╭──

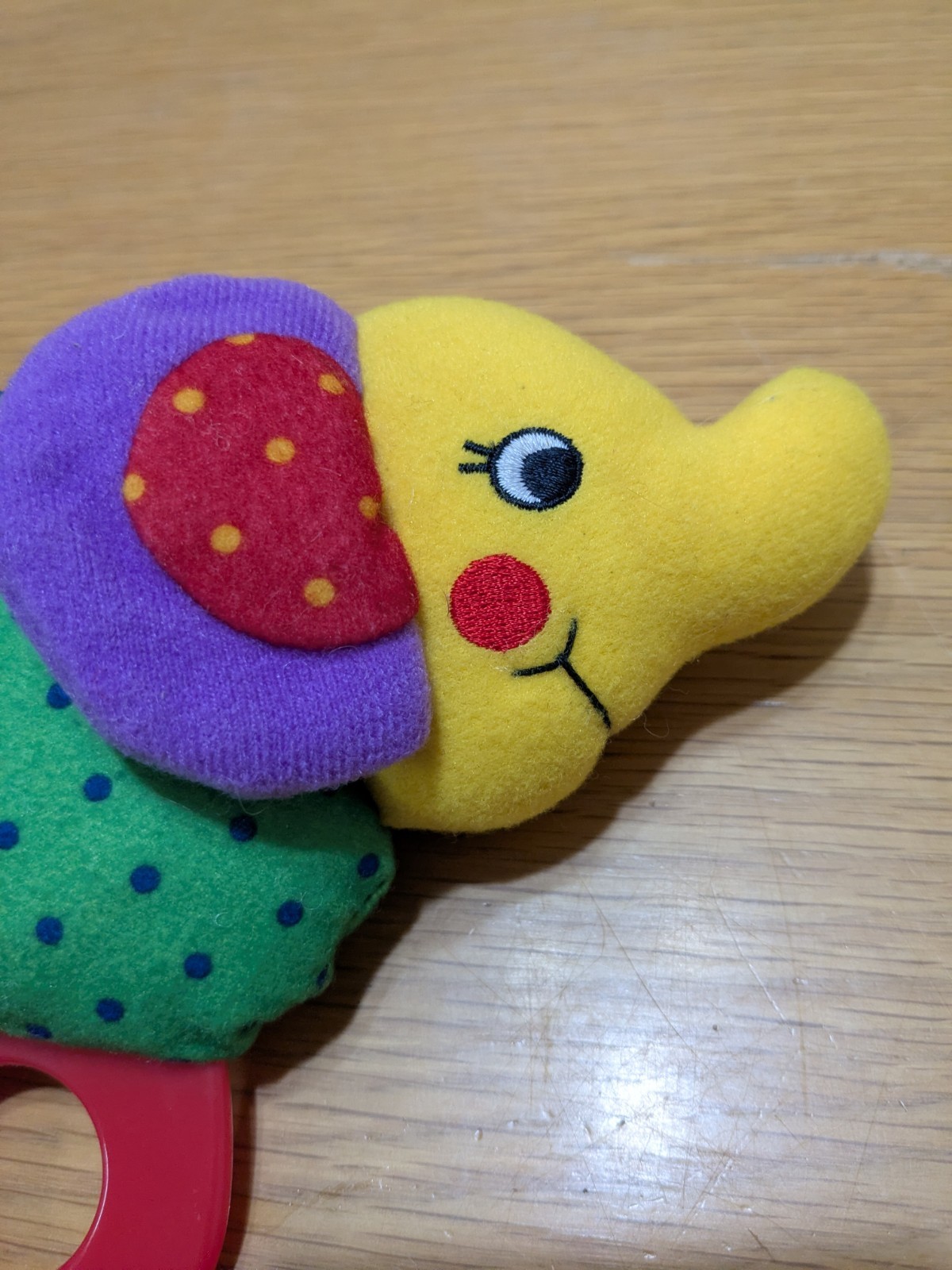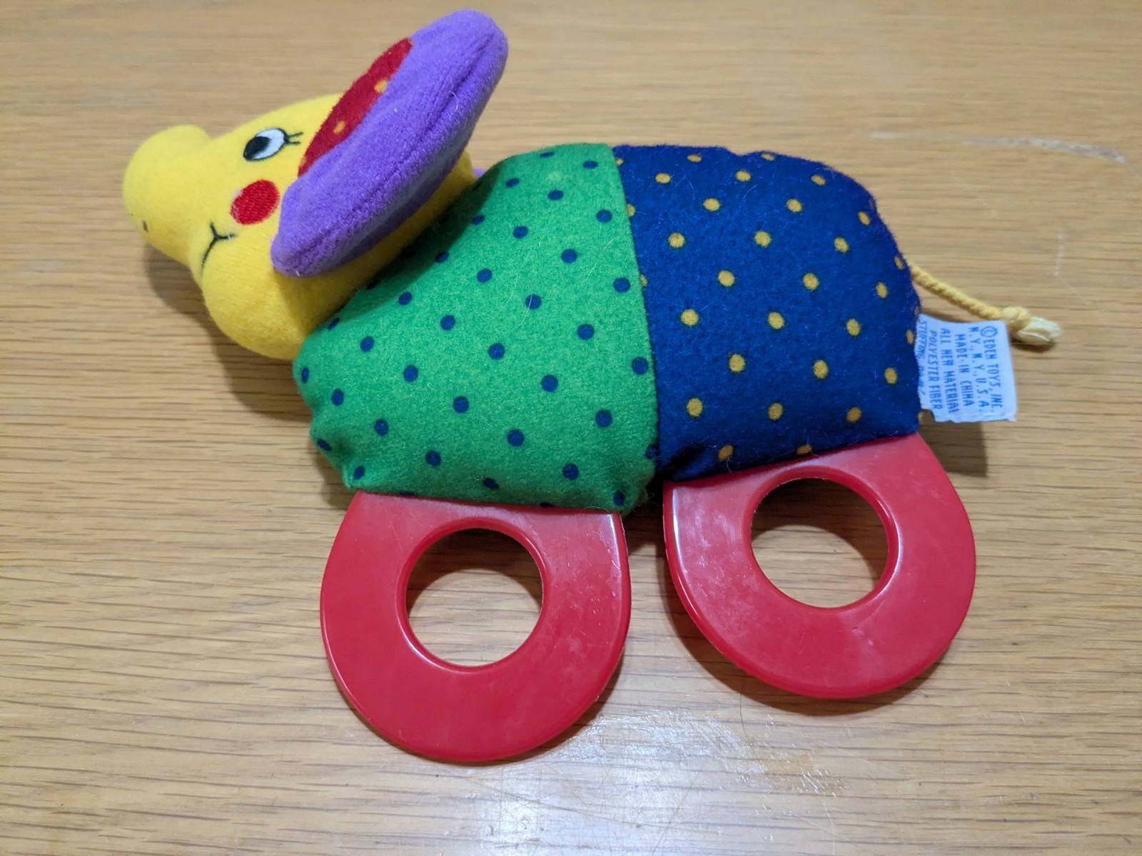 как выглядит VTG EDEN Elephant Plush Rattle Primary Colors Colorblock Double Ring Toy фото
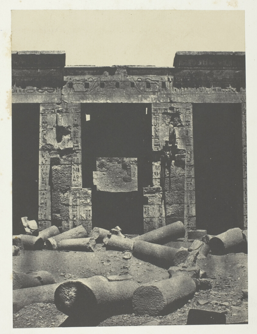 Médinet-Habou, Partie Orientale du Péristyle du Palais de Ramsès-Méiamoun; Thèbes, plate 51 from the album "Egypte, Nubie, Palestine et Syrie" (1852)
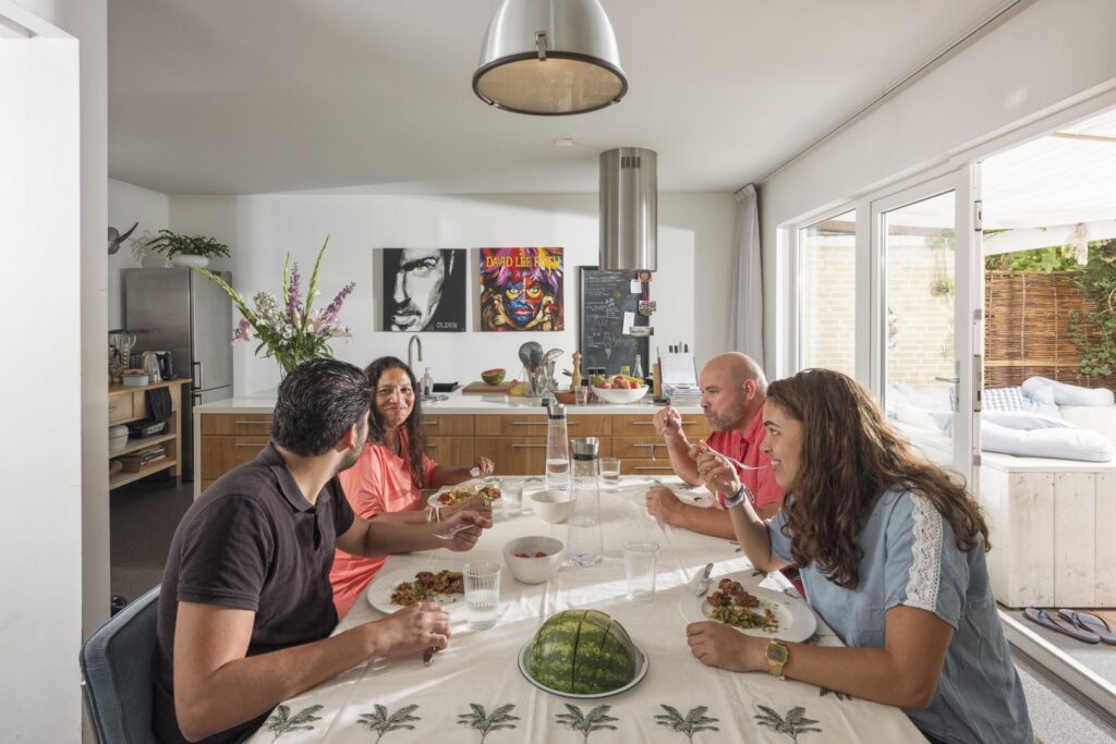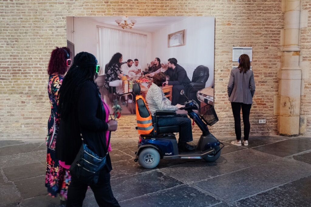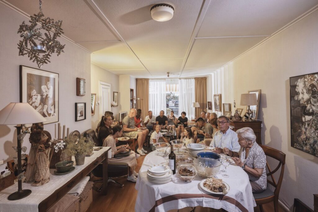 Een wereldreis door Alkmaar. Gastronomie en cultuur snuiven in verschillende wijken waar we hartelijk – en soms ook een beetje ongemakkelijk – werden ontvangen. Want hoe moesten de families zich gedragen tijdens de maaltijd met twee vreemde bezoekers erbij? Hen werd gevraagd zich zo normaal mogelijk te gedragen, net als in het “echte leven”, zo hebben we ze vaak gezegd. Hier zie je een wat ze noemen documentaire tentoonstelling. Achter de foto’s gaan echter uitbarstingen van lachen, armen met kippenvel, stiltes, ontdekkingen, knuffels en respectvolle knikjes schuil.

╰──

**PROBLEM REQUIREMENTS:** Omitting the images, copy the listing exactly.

**RESPONSE FOR THIS EXERCISE:**
 как выглядит VTG EDEN Elephant Plush Rattle Primary Colors Colorblock Double Ring Toy фото
 Médinet-Habou, Partie Orientale du Péristyle du Palais de Ramsès-Méiamoun; Thèbes, plate 51 from the album "Egypte, Nubie, Palestine et Syrie" (1852)
 Een wereldreis door Alkmaar. Gastronomie en cultuur snuiven in verschillende wijken waar we hartelijk – en soms ook een beetje ongemakkelijk – werden ontvangen. Want hoe moesten de families zich gedragen tijdens de maaltijd met twee vreemde bezoekers erbij? Hen werd gevraagd zich zo normaal mogelijk te gedragen, net als in het “echte leven”, zo hebben we ze vaak gezegd. Hier zie je een wat ze noemen documentaire tentoonstelling. Achter de foto’s gaan echter uitbarstingen van lachen, armen met kippenvel, stiltes, ontdekkingen, knuffels en respectvolle knikjes schuil.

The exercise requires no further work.